Around 30 percent of babies who died in 2018 had a full post-mortem (autopsy) examination afterwards. This investigation provides the fullest possible information for families and whānau about why their baby died.

There are other options available to parents who would like to investigate the reason their baby has died, including a partial autopsy and/or investigation of the placenta.

A study of decision-making by mothers after their baby had died found that no woman who chose for their baby to have a full post-mortem regretted her decision.

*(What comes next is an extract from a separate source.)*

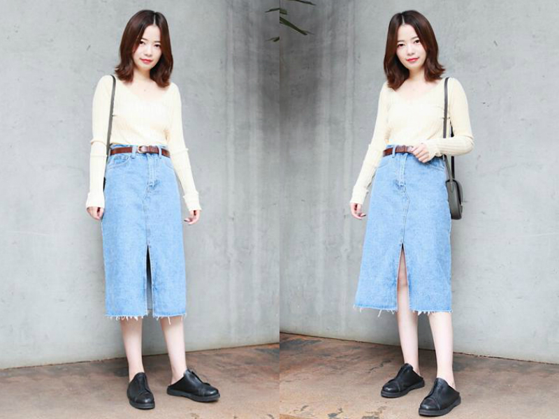 紧身的V领打底衫很显瘦,搭配一条浅蓝色牛仔半身裙看起简约不失时尚感,长至小腿肚的牛仔裙前面的开衩设计使裙子看起来更加特别,露出的皮带增添帅气感。

Ten percent of women who declined, later regretted the loss of opportunity to understand more about their baby’s death.[1]

Why mothers die during pregnancy and childbirth

The risk of death for mothers during pregnancy is low.

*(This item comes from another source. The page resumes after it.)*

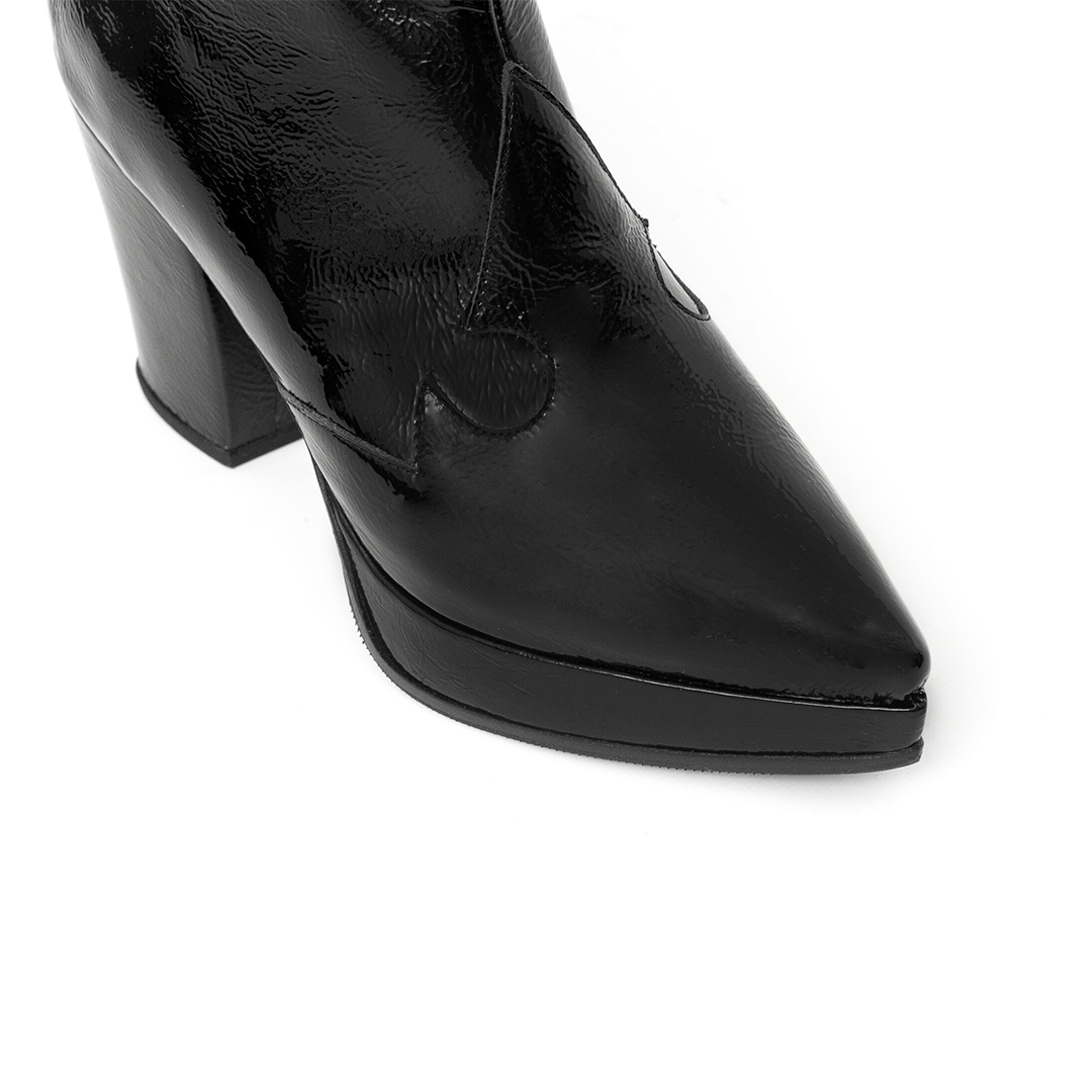 • Detalle tipo tejano en charol écrasé negro: Aporta un brillo elegante y un toque distintivo.

As the risk is so low, it can be difficult to measure whether there have been any changes over time. Each and every maternal death is a significant tragedy.

On average, 10 women die every year in pregnancy or within 42 days of the end of pregnancy. Often these women had pre-existing medical issues that were made worse by pregnancy. It is important that these women receive early and regular antenatal care. In 2018, there were 10 women who died.

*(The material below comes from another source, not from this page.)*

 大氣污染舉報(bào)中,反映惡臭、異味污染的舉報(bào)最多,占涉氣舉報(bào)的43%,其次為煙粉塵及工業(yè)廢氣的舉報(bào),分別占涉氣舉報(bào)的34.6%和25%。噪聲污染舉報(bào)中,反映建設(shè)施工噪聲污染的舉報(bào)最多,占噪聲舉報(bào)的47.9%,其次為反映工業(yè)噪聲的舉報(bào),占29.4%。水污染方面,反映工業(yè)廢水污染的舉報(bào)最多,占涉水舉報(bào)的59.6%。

Deaths of women from unrelated causes that happen to occur in pregnancy, such as a car accident, are not counted in these deaths.

Since the PMMRC began its reviews:

  • 50 women have died from non-pregnancy related medical problems that were either pre-existing or begun during pregnancy, made worse by pregnancy
  • 30 women have died from suicide
  • 14 women have died from an amniotic fluid embolism around the time of childbirth. This is a rare pregnancy complication that occurs when the fluid that surrounded the baby during pregnancy enters the mother’s bloodstream and causes an allergic reaction.

What needs to change

The PMMRC has made approximately 120 recommendations since its first report in 2007. These recommendations have been made to government departments, health practitioners, researchers, colleges and regulatory bodies.

The PMMRC 14th report includes a list of its previous recommendations that still require further work. You can find these in Appendices B–F of the report.

There have been many improvements in the last 14 years, but greater priority must be given to putting previous recommendations into action.

The most urgent area where greater priority and improvement are needed, is reducing the deaths for the families and whānau for whom deaths are not reducing.

This includes whānau Māori, Pacific families, Indian families, mothers under the age of 20 years old, and those living in areas of high deprivation.

Improvements to systems and services must be decided and developed alongside groups and communities of people for whom the death rates have not changed to ensure the right decisions and changes are being made.

More information

If you are pregnant, what can you expect?

There are multiple ways that health practitioners can support you and your baby during your pregnancy.

Firstly, is a good place to start to find an LMC. Your doctor or local district health board can also provide support for you to find an LMC quickly.

Your LMC will be able to answer your questions and help you through your pregnancy and birth of your child. Your LMC should also:

  • offer tests that can check your baby and you are well. This includes screening for health conditions such as gestational diabetes, sexually transmitted infections and urinary tract infections
  • arrange medical care if you already have a health condition or have had problems in a previous pregnancy. This will reduce the risks to your baby and you
  • facilitate regular catch-ups. It is important that your LMC sees you regularly so any problems can be identified early
  • provide stopping smoking advice and referral to stopping smoking groups if needed
  • be on call for emergencies. Talk to your LMC, doctor or nurse straight away if you have any bleeding from your vagina, you notice your baby does not move as much or if you feel unwell
  • provide information to keep you and your baby healthy, such as information on groups in your area that can support your nutrition or physical activity like the maternal green prescription
  • ensure you have a safe sleep space for your baby, such as a bassinet, cot, wahakura or Pēpi Pod. District health boards can help with providing safe sleep spaces for those in need.